Ajouter le tampon de cytomix pour porter le volume total jusqu’à 500 microlitres au besoin et transférer le mélange d’ADN parasite à un espace de quatre millimètres avec cuvette d’électroporation. Puis électroporer les parasites à deux kilovolts et 50 ohms de résistance. Pour cloner les parasites knock-out, d’abord effectuer une dilution en deux étapes des parasites pour atteindre un 10 parasites par millilitre de D10 moyen complété par la concentration appropriée d’antibiotiques.
Ensuite, transférez 150 microlitres des parasites purifiés résuspendus à chaque puits d’une microplaque de 96 puits présemencée avec des fibroblastes de prépuce et incubez la microplaque à 37 degrés Celsius et 5 % de dioxyde de carbone pendant sept jours. À la fin de l’incubation, identifier les puits contenant une seule plaque et transférer 75 microlitres des fibroblastes humains en prépuce infectés par toxoplasma résuspendants de chaque puits de la culture microplaquée de 96 puits dans des tubes individuels de 1,5 millilitre. Recueillir les cellules par centrifugation et resuspendre les granulés dans 10,25 microlitres de tampon de lyse contenant tampon de dilution dans l’additif de libération d’ADN.
Ensuite, incuber les échantillons pendant quatre minutes à température ambiante et deux minutes à 98 degrés Celsius avant d’effectuer pcr pour tester l’intégration de la cassette de résistance aux médicaments et la perte du gène d’intérêt.
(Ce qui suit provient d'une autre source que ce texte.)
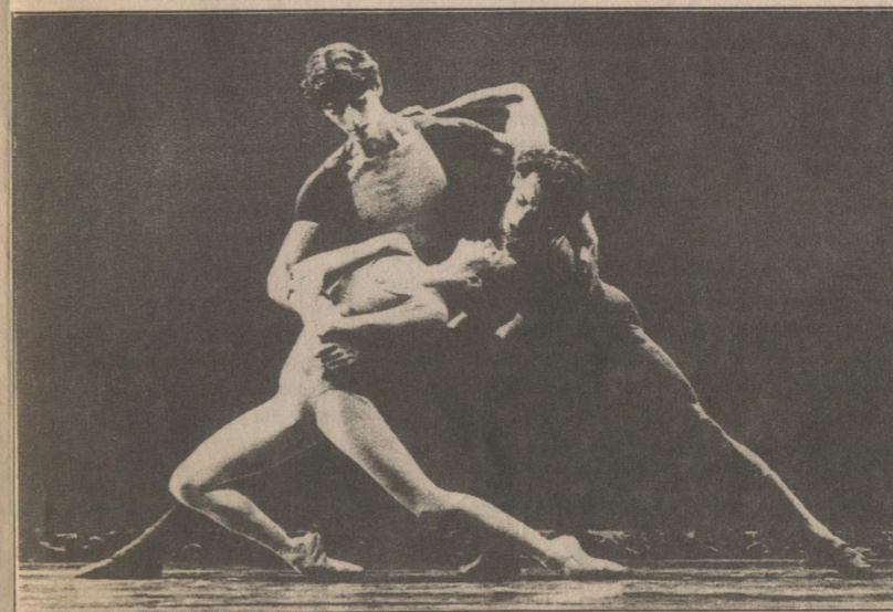
Cena de coreografia de Kilian: o melhor, segundo Garcia

para cá — e isso em todas as áreas, do cinema e teatro à música e dança — é que o espetáculo não está tanto para o intérprete mas para aquele que concebe e dirige. É a vez do metteur en scène. Hoje vamos ao cinema para ver um filme de Kurosawa e não determinado ator ou atriz. Vamos ver os balés de Kilian e não os bailarinos de Kilian.

Les efficacités d’inhibition du LHVS et du type sauvage dans les souches delta CPL peuvent être déterminées en traçant leurs activités de luciferase contre différentes concentrations d’inhibiteurs. Après PCR, le plasmide muté est linéarisé et chargé dans un gel d’agarose de 1% pour la vérification d’une amplification réussie.
Après extraction de gel et transformation d’E.coli, les clones contenant les plasmides prévus peuvent être examinés par digestion d’endonuclease de restriction dans le séquençage d’ADN. Après amplification de modèle de réparation, l’électrophoresis de gel d’agarose peut être employé pour vérifier la taille correcte du produit de PCR. En général, sept à huit clones sont sélectionnés pour le dépistage initial afin de vérifier la suppression de la séquence de codage du gène d’intérêt, suivi de la détection des cinq et trois bras principaux pour aider à réduire au minimum le nombre total de clones à dépister.
D’autres vérifications peuvent être effectuées par immunoblotting si un anticorps reconnaissant la protéine cible est disponible. Avant d’obtenir des mesures de l’activité de la luciferase, une microplaque claire avec une infection simulée doit être vérifiée au microscope pour s’assurer que les parasites ne lysent pas complètement les cellules hôtes.